Purpose:Schizophrenia is a psychiatric disorder characterized by disordered thoughts, abnormal social behaviors, flat affect, and auditory or visual hallucinations. The current study aims to investigate alterations in brain metabolism in patients near the onset of psychosis (early‐phase psychosis, EPP), to characterize abnormalities during the early stages of schizophrenia.
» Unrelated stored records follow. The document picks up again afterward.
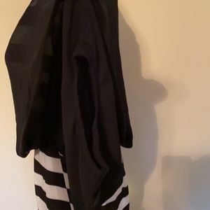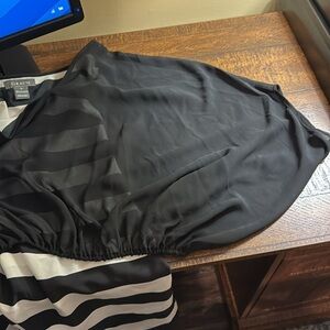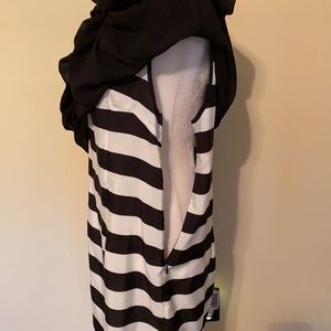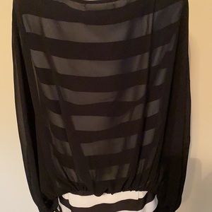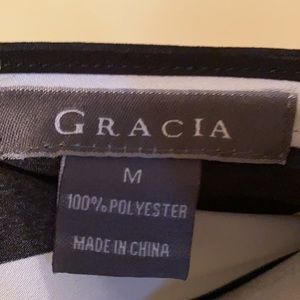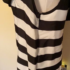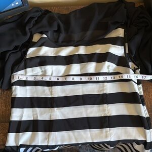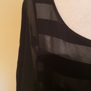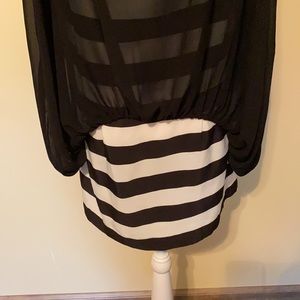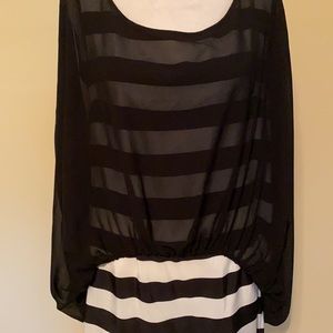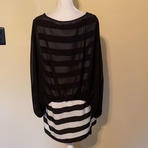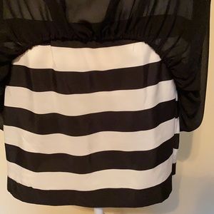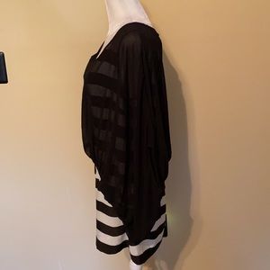 Ladies medium Gracia top, two layers, sheer black layer over top of black and white horizontal striped layer, lightweight 100% polyester, tunic length with side zipper on striped under layer, short sleeve, excellent condition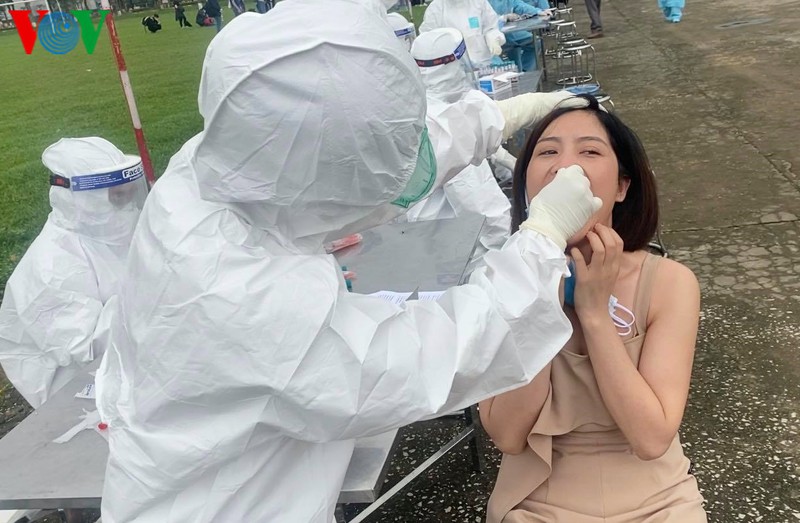 | Tiến hành lấy mẫu xét nghiệm Covid-19 đối với những người cách ly. (Ảnh: Trọng Phú) |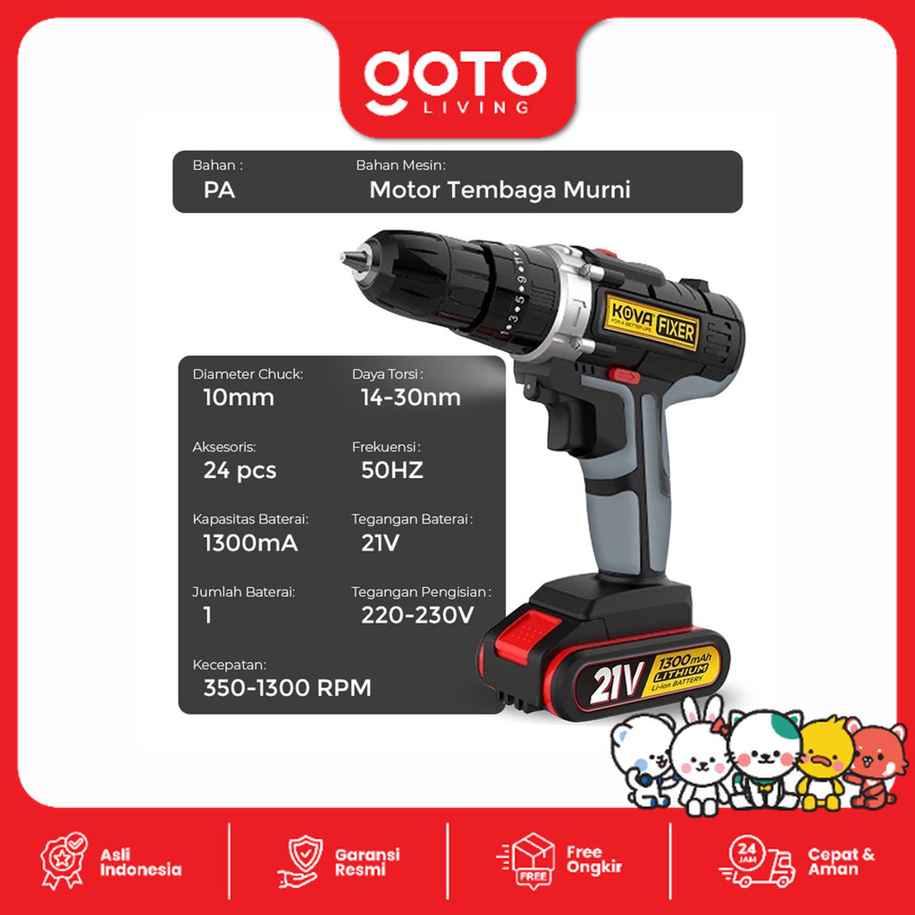 Kova Fixer Cordless Drill 10mm Set Mesin Bor Tangan Baterai Tembok 21V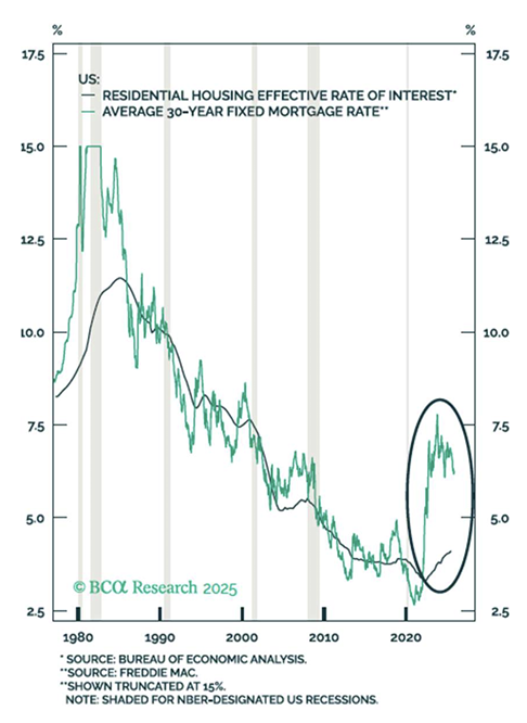 Speaking of affordability, consumers continue to spend in line with, or slightly more than, their income growth. This phenomenon – called dissaving – is propelling U.S. economic growth and is bound to last until either prices become too high or income growth stalls. The latter is currently normalizing toward a non-inflationary level, i.e., 3.5-4.0%, still enough to support consumption, especially while financial assets remain buoyant, driving a positive wealth effect. Unfortunately, wealth inequality remains; the top decile of the income distribution, representing 40% to 50% of discretionary spending, is doing well, but how much pent-up demand is left is unknown and, in our view, not much. The remaining segments of the population, especially lower-income earners, are pulling the brakes. For them, monetary and fiscal stimulus are clearly positive, but how effective these measures are for this portion of the population remains unclear. Fortunately, banks’ willingness to lend, alongside a lighter regulatory burden, is improving, which provides a safety net.
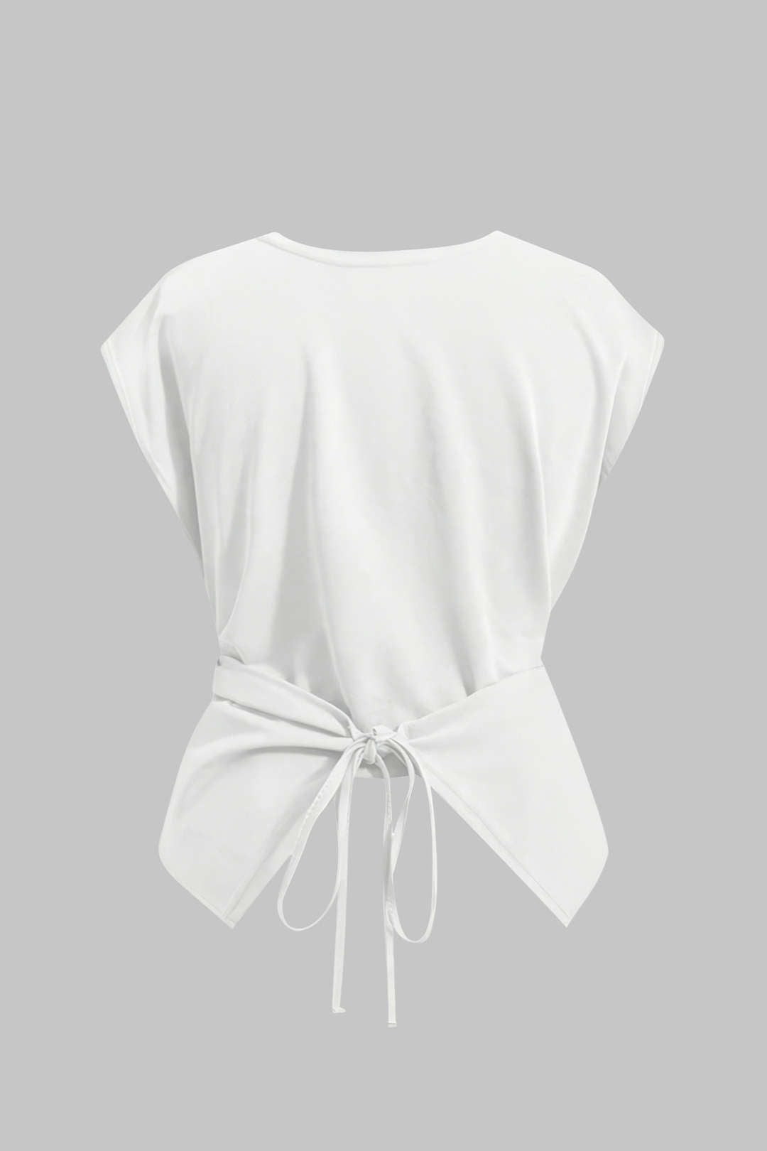 Plus Size Round Neck Short Sleeve Tie T-Shirt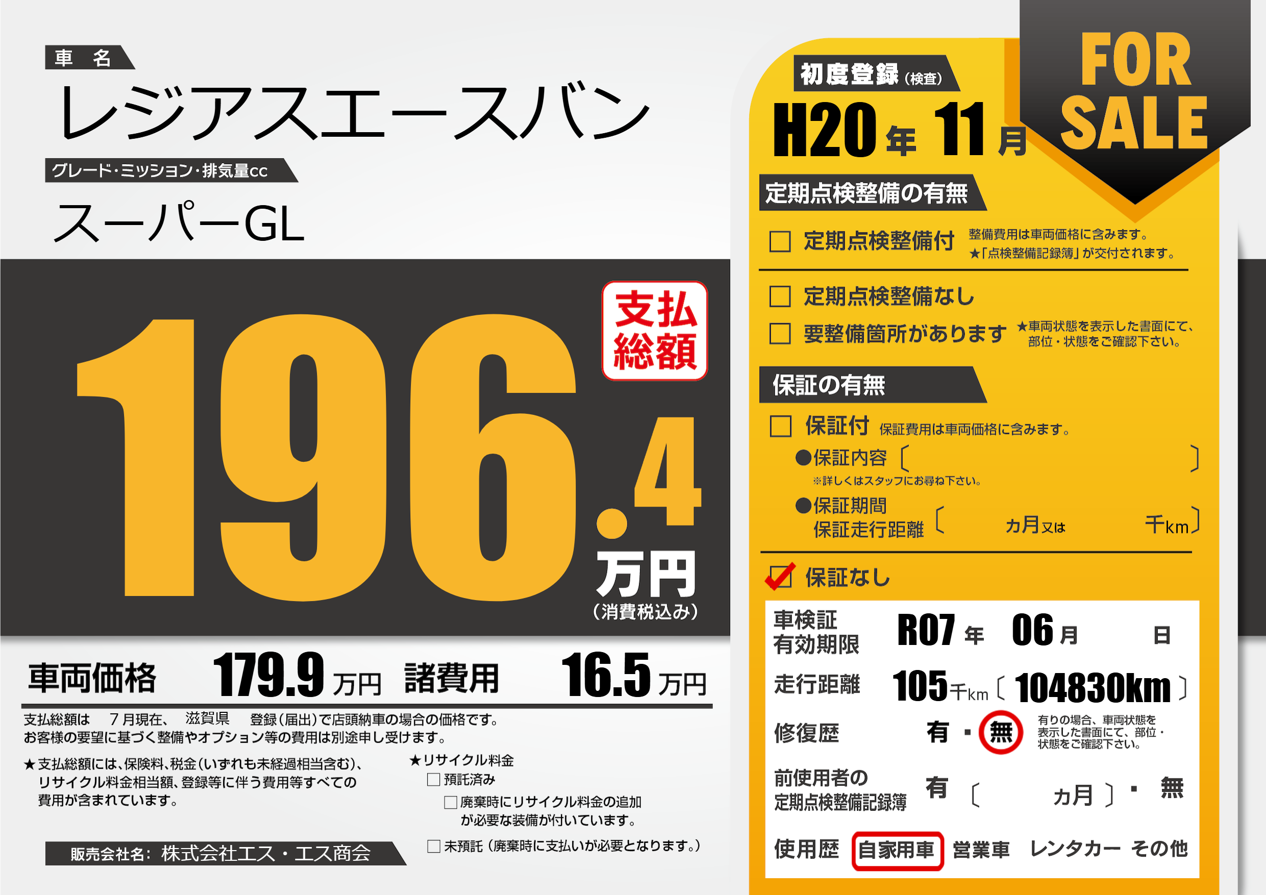 なし | 車検制限 | R07年06月---月 |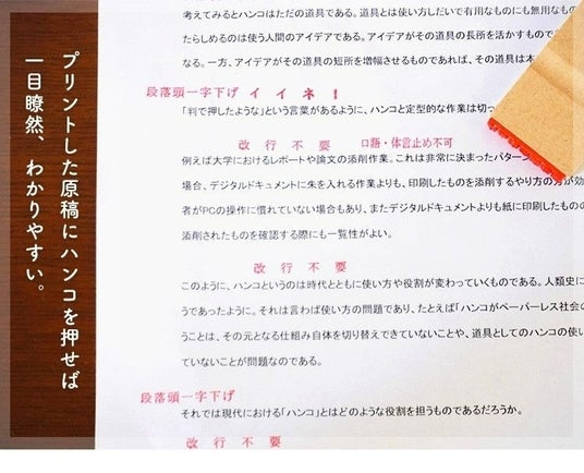 印面サイズは4×29ミリ。プリントした原稿に押すだけで、修正箇所が一目でわかります。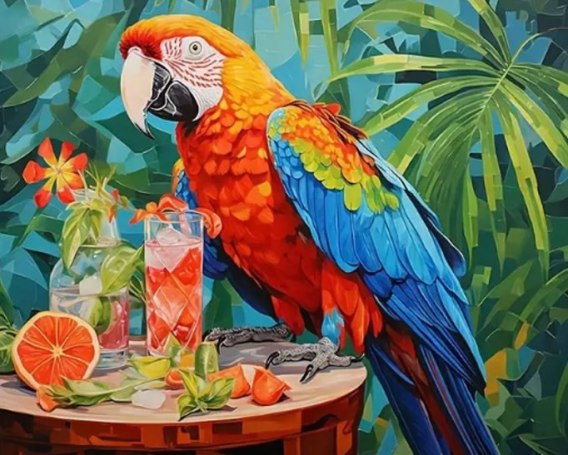 Diamentowa Mozaika Papuga na stole z napojami NO-2001366
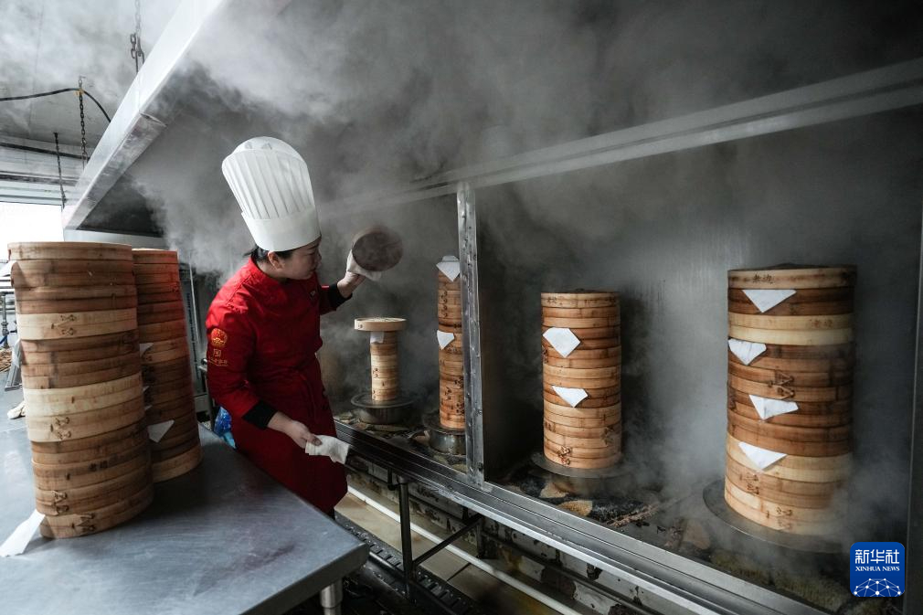 2月14日,郑春香在查看饺子的蒸制情况。新华社记者 潘昱龙 摄pagebreak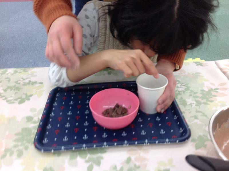 今日はクッキングでチョコカップケーキを作りました。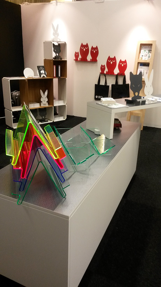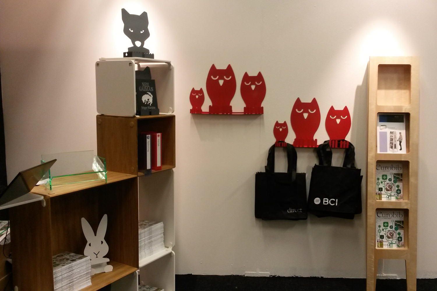 Notre stand de l’édition 2015 de la Foire du Livre a mis la nature à l’honneur : arbres, loups, lapins et autres oiseaux joyeux côtoyaient en effet quelques-unes de nos dernières nouveautés comme les tours de présentation en contreplaqué de bouleau, disponibles en version autonome ou à placer contre un mur. Ces dernières peuvent s’utiliser pour exposer différents éléments ou présenter des livres de face.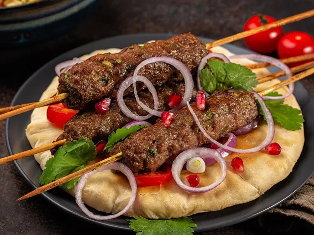 Succulent skewers of minced meat blended with authentic spices, grilled to perfection over charcoal for a smoky, juicy, and flavorful taste that captures the essence of Middle Eastern cuisine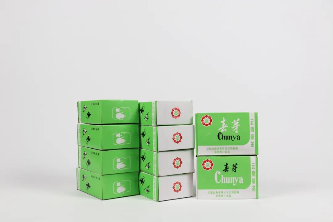此茶是昆明茶厂92年出口欧洲的一款盒装散茶,其条索壮实,芽头嫩度非常高,汤色橙黄透亮,香气清雅醇厚,回甘生津明显。由于包装盒上绘有两只飞舞的燕子,因此也俗称“燕子茶”。由于早期出口欧洲等地,人们对普洱生茶这一茶品概念比较陌生,因此将这款茶命名为“云南绿茶”。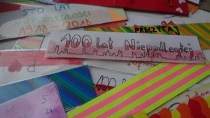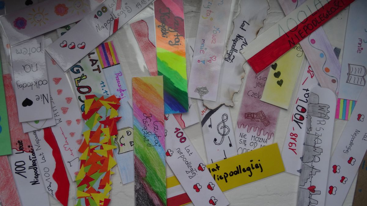 Z okazji 100-lecia odzyskania niepodległości klasa VII przygotowała projekt – „100 zakładek do książek”.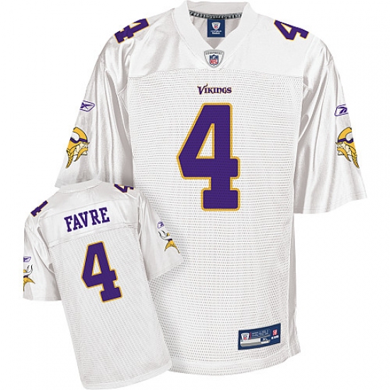 Feel like part of your favorite team by wearing this NFL® Reebok Minnesota Vikings #4 Brett Favre All White Authentic Throwback NFL Jersey, made of thick, high-quality Pro-Brite fabric for a genuine gridiron look. The players number which 100% stitched is displayed in tackle twill on the chest, back and sleeves, along with the team name on the front. The players name which 100% stitched is displayed on a sewn-down nameplate at the back. 100% Pro-Brite nylon and 100% Pro-Brite polyester for body, 100% lycratalic spandex dazzle for Side Panels/Collar/Cuffs, NFL® Equipment patch sewn on the bottom of the front collar or fabric insert, NFL® Equipment jock tag with numeric sizing is applied to the lower left bottom of the jersey, Reebok® logo embroidered on each sleeve, Officially licensed.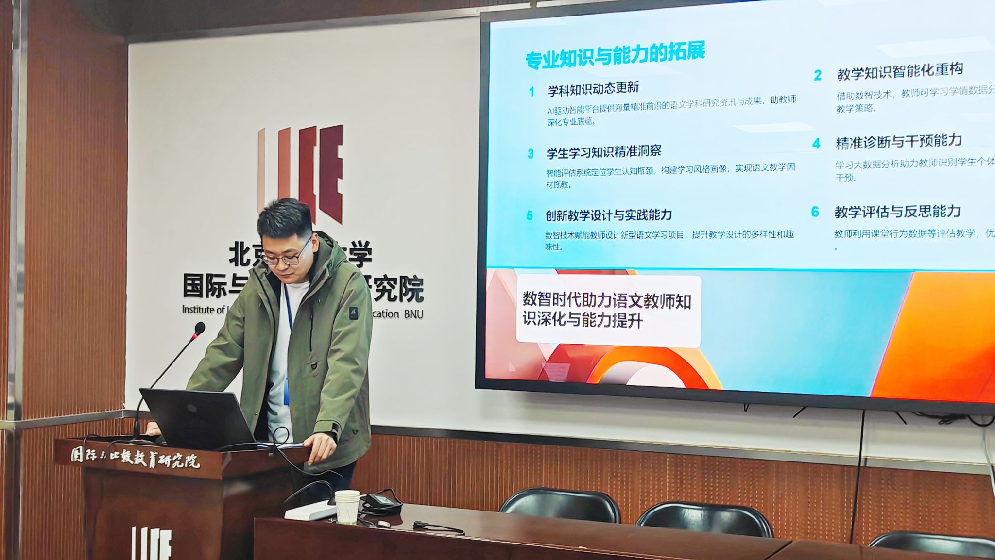 子会议下半场,温州大学应佳琪分享了静脉理论下初中语文单元教学策略;东北师范大学韩子续探讨了语文教师专业发展的相关理论并提出针对性应对策略;江西师范大学熊玲霞、欧阳芬老师指出人工智能背景下教师必须重构职业身份,“从知识权威到学习策展人”;西北师范大学苏文君基于现实写作教学困境建构了智能技术与项目式学习(PBL)深度融合的“双轮驱动”教学模式。崔绍怀教授针对各位学者的汇报,以AI技术利弊分析导入对汇报内容进行精彩的点评并呼吁语文教育研究要始终坚守语文学科本色。

To this end, we used magnetic resonance imaging (MRI) and spectroscopy (MRS) to measure metabolite levels and subsequently monitor the effect of treatment with N‐acetylcysteine (NAC).Methods:Here we report on the cross‐sectional comparison at the baseline scan between 13 healthy controls (mean age = 21.5 yrs) and 28 EPP patients (mean age = 23.9 yrs), within three years of psychotic illness onset. Metabolite levels of glutamine + glutamate (Glx), N‐acetylaspartate (NAA), creatine (Cre), and myo‐inositol (mI) were measured on a Siemens 3T whole‐body scanner with MRS voxels placed in the frontal lobe (size = 2×2×2 cm3; TE = 30ms; TA = 4min). Metabolite levels were quantified using LCModel V6.2‐0R, scaled to the internal water signal, and reported in institutional units (i.u.). Comparison of NAA, Cre and Glx levels between the two groups was performed using two‐tailed unpaired t‐tests.Results:A significant decrease of Glx concentration in FEP patients was found (patients: 4.1±1.4 i.u.; controls: 5.2 ± 0.2 i.u.; p=0.04). No significant differences were found at baseline in Cre nor NAA concentrations.Conclusion:Significant decreases in Glx were observed in the frontal lobe of the FEP patients. This decrease supports prior research on schizophrenia in similar cortical regions. The alteration in frontal Glx levels may be involved in the behavioral and cognitive abnormalities. Future steps include investigating the effect of NAC vs. placebo treatment on reversing this decrease in Glx in EPP patients over a 12‐month period.This project is supported by the Stanley Medical Research Institute.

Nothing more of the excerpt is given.